It was tough shooting today. When I laid down with the short bipod the 100 yard target disappear in the blowing snow. I still had some slight pressure with one round loaded with 50.4 gr. Maybe I will have to back off to 50.2 gr. I think that would be around 2950 fps. I'll chronograph it tomorrow. My target was 2900 fps so anything over that is gravy to me.


----------



## Plainsman (Jul 30, 2003)

knutson24, well one thing I have found is you can move the SGK, and SMK back and fourth from the lands and still have good accuracy. The Berger VLD are more picky. Yesterday I shot 50.2 gr of R17. My velocity was 2970. I loaded three .002 from the lands, three .004 from the lands, three .008 from the lands and three .012 from the lands. The group .002 from the lands I didn't even shoot. I started furthest from the lands in the event pressure built as I approached the lands. The .004 grouped approximately 1.50 inches, and the .012 grouped .75 inches. The .008 grouped .23 inch. Velocity was about the same on all of them.

I expected less pressure with the bullet further from the lands, and more pressure closer to the lands. There was no perceptible pressure difference in .008 and .012, but at .004 pressure did start to rise, and noticeably. In the Cooper I notice any pressure at all very quick. The ejector has a very weak spring. I guess that's so your brass falls in a nice little pile right next to the action. Anyway, what I see as a first sign of pressure is not a shiny spot from the ejector, but an impression from the bolt ejector hole. I have not loaded hot enough to see any primer cratering, but at the top end I did see the base of the brass show some shine, and sticky extraction.

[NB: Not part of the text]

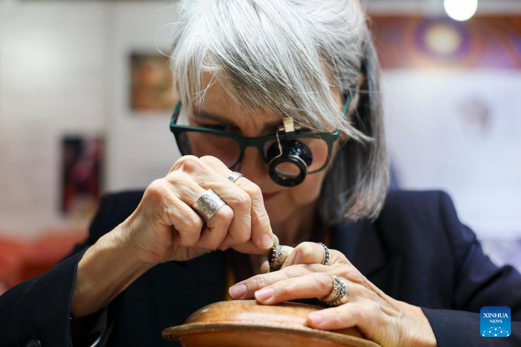 Maria Serena Colombo, an engraver with Italian handmade jewelry brand Manzoni Gioielli, carves on-site at the Consumer Goods Exhibition area during the eighth China International Import Expo (CIIE) in east China's Shanghai, Nov. 9, 2025. (Xinhua/Wang Xiang)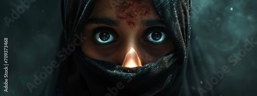 arabic, female, horrified, good, diversity, beautiful, plain, concept, mouth, space, copy space, femininity, us, astonish, horizontal, strong, expression, astounded, girl, individual, lady, distress, surprise, expressive, nose, america, sudden, background, fright, heading, religious, stare, shock, banner, reaction, alarm, cultural, muslim, facial, dismay, multicultural, terror, generative, ai

I think I have settled on that load of 50.2 gr of R17, and .008 back from the lands. I worried about the 50.4 being a little hot when shot in 90 degree weather.


----------



## knutson24 (Feb 16, 2009)

Plainsman, you sir are a braver soul than I. Its way to cold to be laying out in the snow and shoot groups. However I did use the time I've spent in the house to load up some rounds. I ordered some Nosler brass from midway and was really impressed with the nosler brass. It came chamfered with primer holes drilled not punched and all peices where within + or - .5gns of the thier average weight. I loaded up 5rds each using R17 starting at 48gn and working my way up to 51gn in 1gn increments for a total of 20rds with the 142 SMK's seated .002 into the lands. Also did 15rd of 140gn SST's at 47gn seated .010 out of the lands to use to get on paper being I just got the scope remounted on a 20moa single piece base. I read an article sometime back can't rember the site at this time, bu tit recommended loading into the lands to find your max/accurate load and then adjust your seating depth to improve the accuracy. I guess by doing it this way since your already .002 into the lands as you work your way out and away from the lands you know you won't experience any pressure signs. Sounds logical to me hope it works.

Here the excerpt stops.